Supplied material>

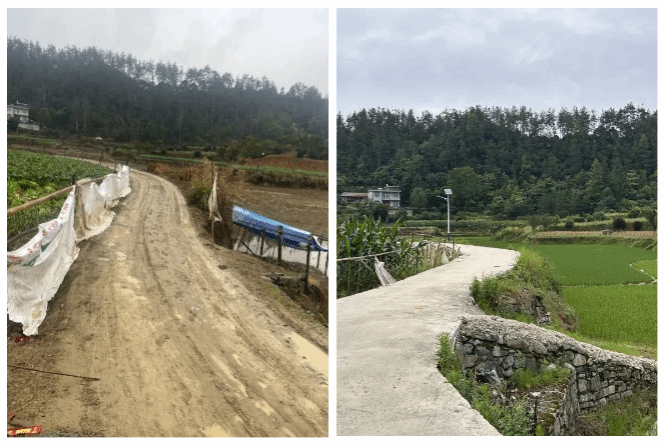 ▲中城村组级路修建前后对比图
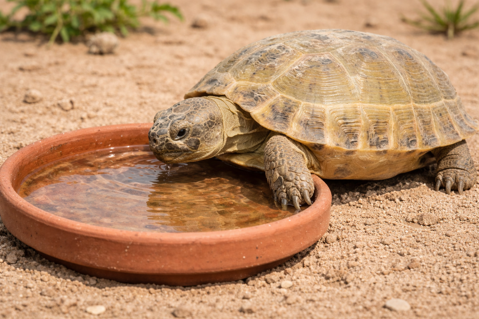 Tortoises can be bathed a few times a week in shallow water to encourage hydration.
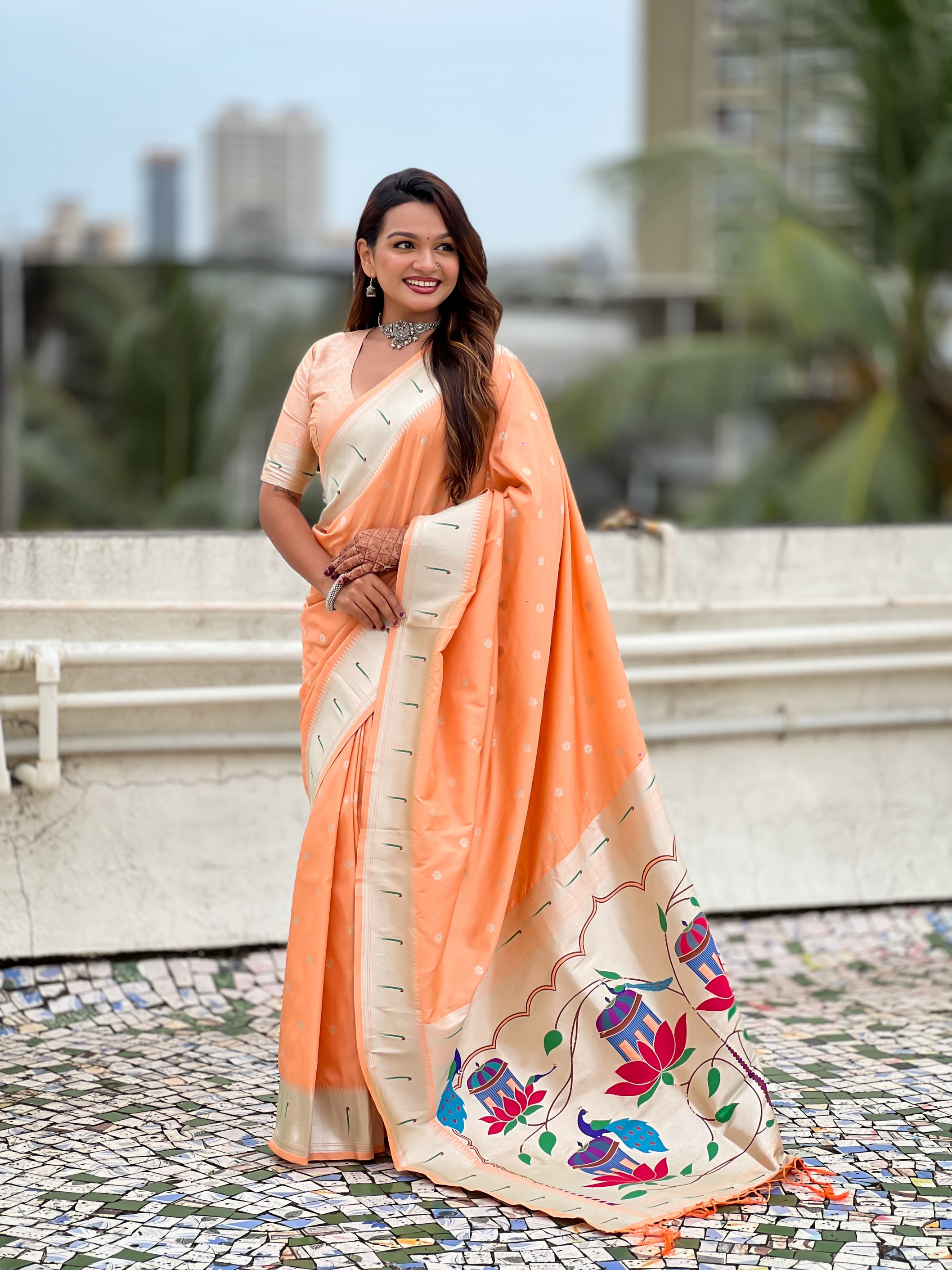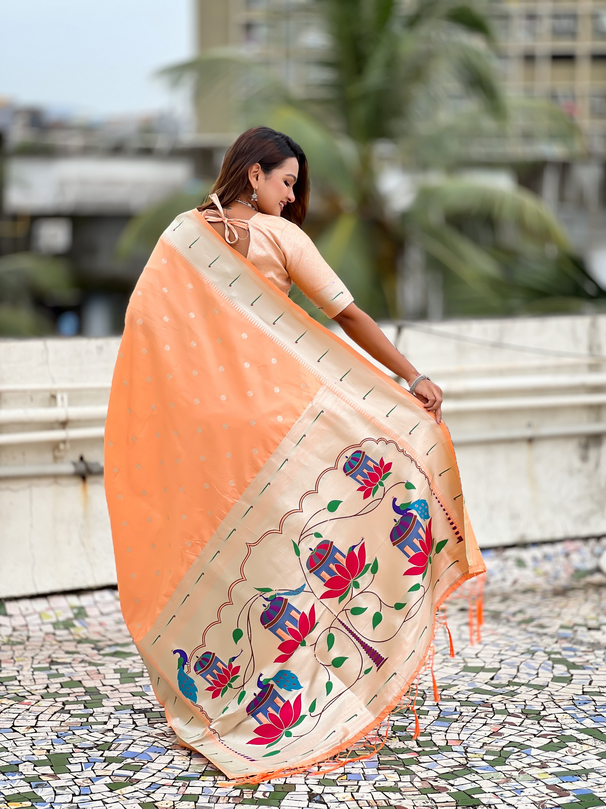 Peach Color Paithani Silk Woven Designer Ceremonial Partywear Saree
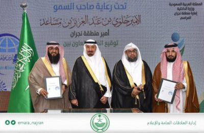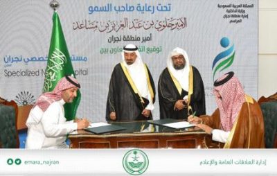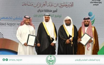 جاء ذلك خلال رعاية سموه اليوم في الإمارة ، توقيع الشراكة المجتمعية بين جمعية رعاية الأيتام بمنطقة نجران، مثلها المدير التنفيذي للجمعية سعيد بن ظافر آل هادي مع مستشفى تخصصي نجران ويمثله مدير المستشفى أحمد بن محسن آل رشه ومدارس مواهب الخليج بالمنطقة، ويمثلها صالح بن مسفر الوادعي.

Exercise description> The answer should consist solely of the lines from the one containing "Tortoises can be" through the last line of the material, copied exactly, with pictures left out.

Your response>
 Tortoises can be bathed a few times a week in shallow water to encourage hydration.
 Peach Color Paithani Silk Woven Designer Ceremonial Partywear Saree
 جاء ذلك خلال رعاية سموه اليوم في الإمارة ، توقيع الشراكة المجتمعية بين جمعية رعاية الأيتام بمنطقة نجران، مثلها المدير التنفيذي للجمعية سعيد بن ظافر آل هادي مع مستشفى تخصصي نجران ويمثله مدير المستشفى أحمد بن محسن آل رشه ومدارس مواهب الخليج بالمنطقة، ويمثلها صالح بن مسفر الوادعي.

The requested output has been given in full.